Heck and Murray [9] first described the option of cementing a replacement liner into an existing acetabular shell provided that the shell is both stable and well positioned. We previously performed a biomechanical experimental study of 10 types of shell preparation to determine an appropriate liner and shell preparation for optimal construct stability [7]. We found that placing grooves in the liner in a spider-web configuration created the greatest construct strength. Specifically, intersecting longitudinal and circumferential grooves provide torsional stability and lever-out resistance to failure, respectively. Additionally, it was determined that if the existing shell did not have screw holes or other texturing, the surgeon should score the shell to prevent failure at the shell-cement interface.
In the current study we applied these findings to prepare the acetabular constructs in cases in which we cemented liners into shells. We therefore determined (1) rerevision rates; (2) functional scores (Harris hip scores, WOMAC, and SF-36); (3) acetabular loosening rates; and (4) acetabular osteolysis rates.
Patients and Methods
We reviewed the records of all 30 patients who had undergone 31 revision hip surgeries in which a new nonconstrained liner was cemented into an existing acetabular shell that was stable and well positioned from January 2000 to January 2007. In all cases, there had been excessive wear of a modular acetabular liner that had been placed into a cementless acetabular shell.
The indications for this technique were: (1) a secure cementless acetabular shell; (2) a well-positioned acetabular shell; (3) a broken or inadequate capturing mechanism for the acetabular liner; and (4) an adequate acetabular shell diameter to allow for a 2- to 4-mm cement mantle around the new acetabular liner to be inserted.

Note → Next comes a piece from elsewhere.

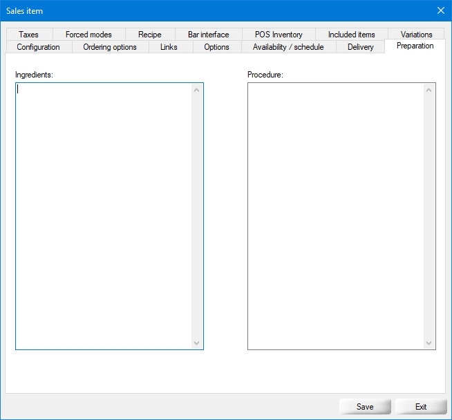 This section allows the item's preparation recipe to be written in free text. This is especially useful for cocktails or any other type of item that requires a specific setup. This information can be displayed at the POS.
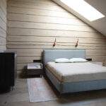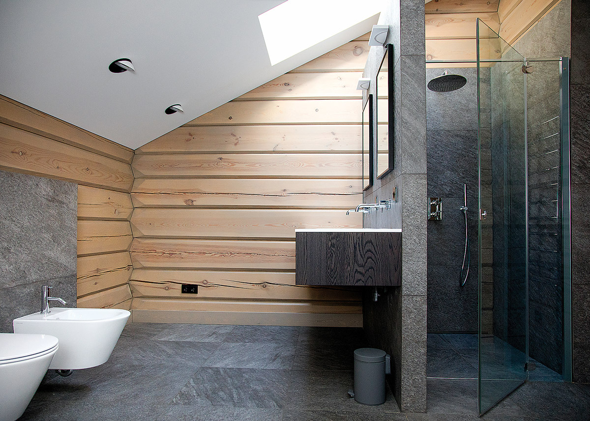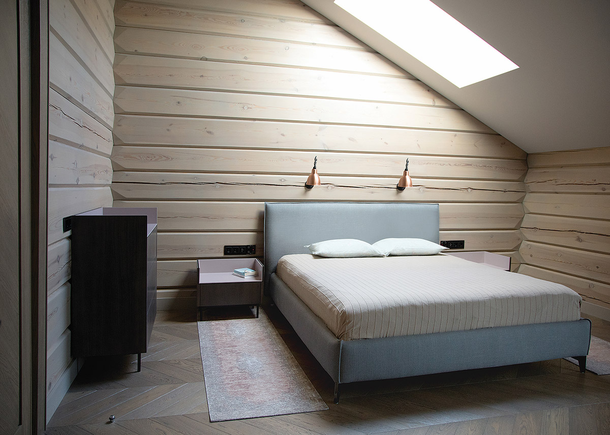 Prieškambario tambūre prasidedantys mediniai laiptai veda į antrą aukštą – privačią šeimos zoną. Šalia šeimininkų miegamojo yra modernus vonios kambarys. Jo apdailai specialistė teigia tikslingai parinkusi skirtingo piešinio akmens masės plyteles. „Ši medžiaga ir konkuruoja su rąstais, ir juos papildo“, – atkreipia dėmesį pašnekovė.

The contraindications were: (1) a loose acetabular shell; (2) a malpositioned acetabular shell; or (3) an acetabular shell with a diameter too small to allow for a 2- to 4-mm cement mantle around the new acetabular liner to be inserted. During this interval, the senior author (JJC) performed 21 additional revision THAs in which a constrained liner was cemented into a secure acetabular shell. The results of this technique using constrained liners have been previously reported [3]. Three of the 30 patients (three hips) were excluded for the following reasons: two patients had died and one patient was lost to followup. Thus, the study cohort was somewhat selected and consisted of 31 hips in 30 patients. The average age at the time of primary THA was 41 years (range, 24–64 years). The average length of time from primary THA to revision surgery with cementation of liner (index surgery) was 11 years (range, 5–21 years). The average age at the time of index revision surgery was 51 years (range, 33–77 years). Study participants included 18 women (19 hips) and 12 men (12 hips). There were 17 left hips (55%) and 14 right hips (45%). In one patient, a cemented liner was placed in both hips. The average body mass index at the time of index surgery was 31 kg/m2 (range, 19–49 kg/m2). As a result of the fact that many of the primary surgeries were performed by surgeons at outside institutions, the diagnoses before primary surgery could not be established in many cases. The reason for the index revision surgery was extensive polyethylene liner wear with impending mechanical failure. Before revision, all patients had a preoperative workup to rule out infection, including erythrocyte sedimentation rate, C-reactive protein, and aspiration of the hip when indicated. The minimum followup among living patients was 2 years (mean, 5 years; range, 2–10 years). The average age of the living patients at last followup was 56 years (range, 39–83 years). After locating patients, consent for study participation was obtained as per the protocol previously approved by the Institutional Review Board.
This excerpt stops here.